Sometimes we get so caught up in the present that we forget about our past. We forget about the promises we made to ourselves. We forget about all of those life-changing moments that define who we are. I got so caught up in my present that I forgot that the reason why I wear glasses is because since I had my eyes open when my face was paralyzed, they were unprotected and were slightly injured. I forgot that the reason why I was so happy months after my Bell's palsy was gone was because I appreciated myself and life more than I do now. Bell's palsy was probably the worst and the best thing that has happened to me.
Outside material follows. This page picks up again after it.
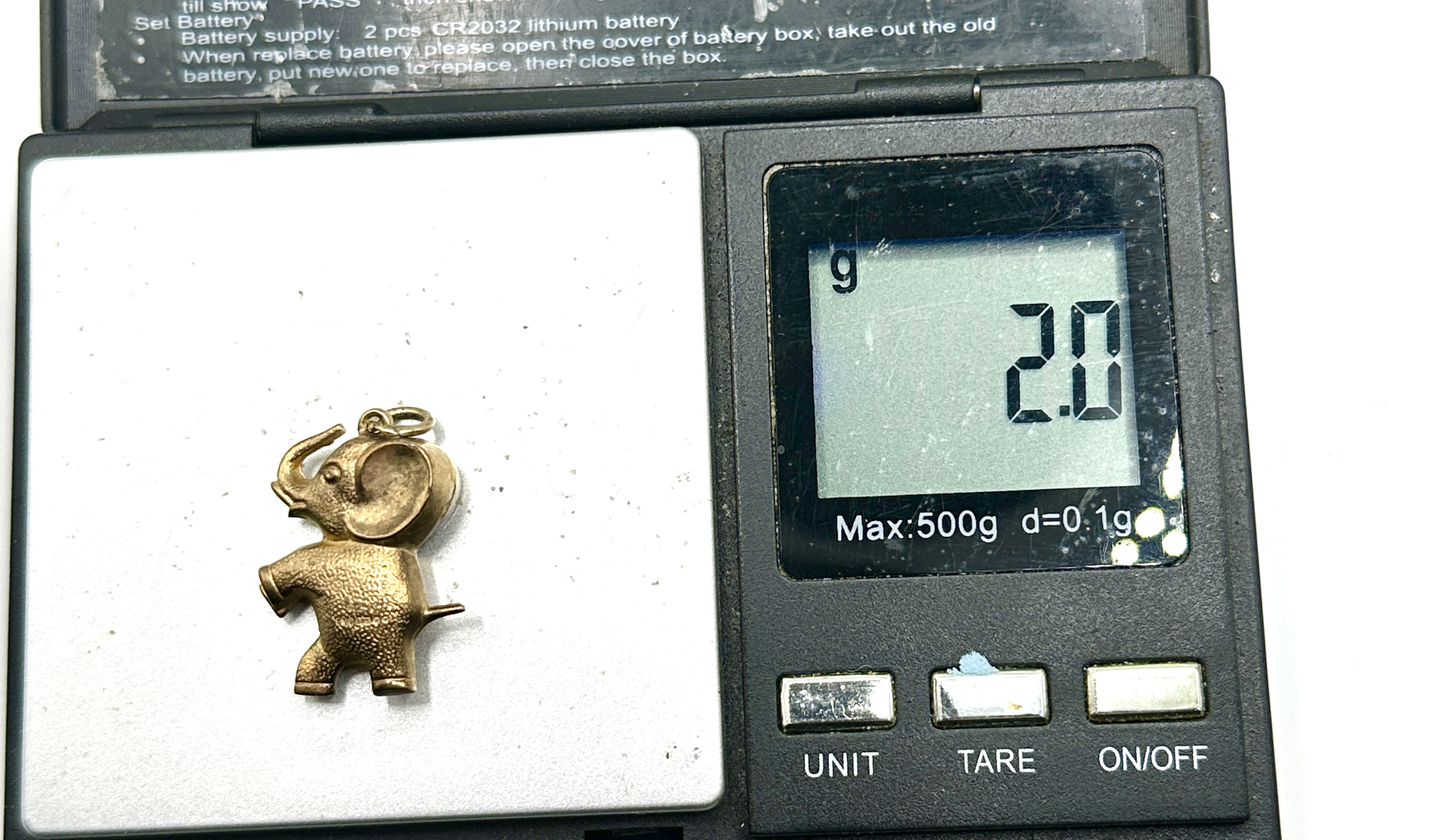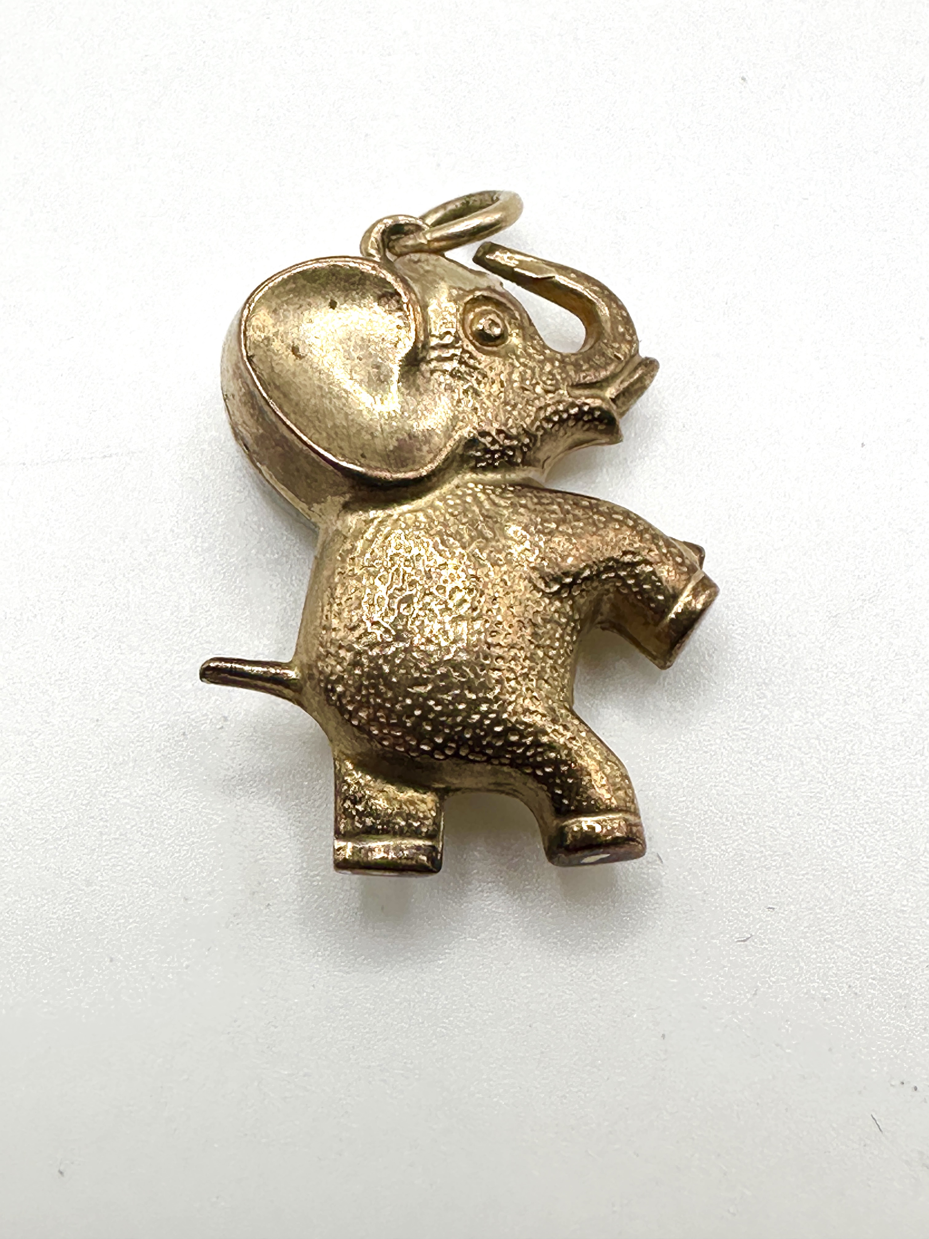 A single figural charm, confirmed to be crafted from 9k gold. The piece is formed as a stylized elephant standing with its trunk raised. The body of the elephant features a dense, granular texture, suggesting a cast or textured finish. A simple jump ring is attached above the head, allowing the item to be worn as a pendant or added to a charm bracelet. No visible hallmarks or maker’s marks are discernible on the surface of the charm.
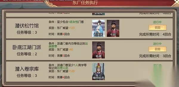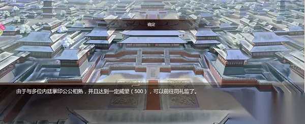 2.参加完朝会后,4月及7月,会有传话公公通知前往司礼监,说明朝会事务。对话司礼监掌司最后选择送礼,最大亲密度是选择笑纳800两。 3.亲密度达到友好还会出现拜访自宅事件。与司礼监掌司达到亲密后可结识司礼监秉笔。 4.司礼监秉笔会在夜晚前往自宅,下发任务,对能力及属性有一定要求,可派遣门客前往,任务结束,奖励司礼监威望,与秉承亲密度增加。 5.结识司礼监秉笔后即可前往东厂执行东厂任务。通过执行任务获取东厂威望,威望达标解锁相应职务。职务对眼力及体术有要求。

Yes, it sucked not being able to control the movements in my face for over a month, and yes, it sucked being depressed and isolated for all of that time. However, if it hadn't happened to me, I probably wouldn't be who I am, I probably wouldn't smile as much or talk as much and I wouldn't know when to tell myself to slow down and relax.
It's time to remind myself to be grateful for what I was given, and to be happy because although I might not like what I see when I see myself in the mirror, I'm lucky to be healthy, alive and to be able to control my body. I'm lucky to have recovered fully, and I'm lucky to be able to look at people and smile without having to cover my face, without feeling ashamed of how weird I look whenever I try to show emotions using my face muscles. I'm lucky to be where I am today, and I think of Bell's palsy as something that happened to me, but isn't part of me anymore.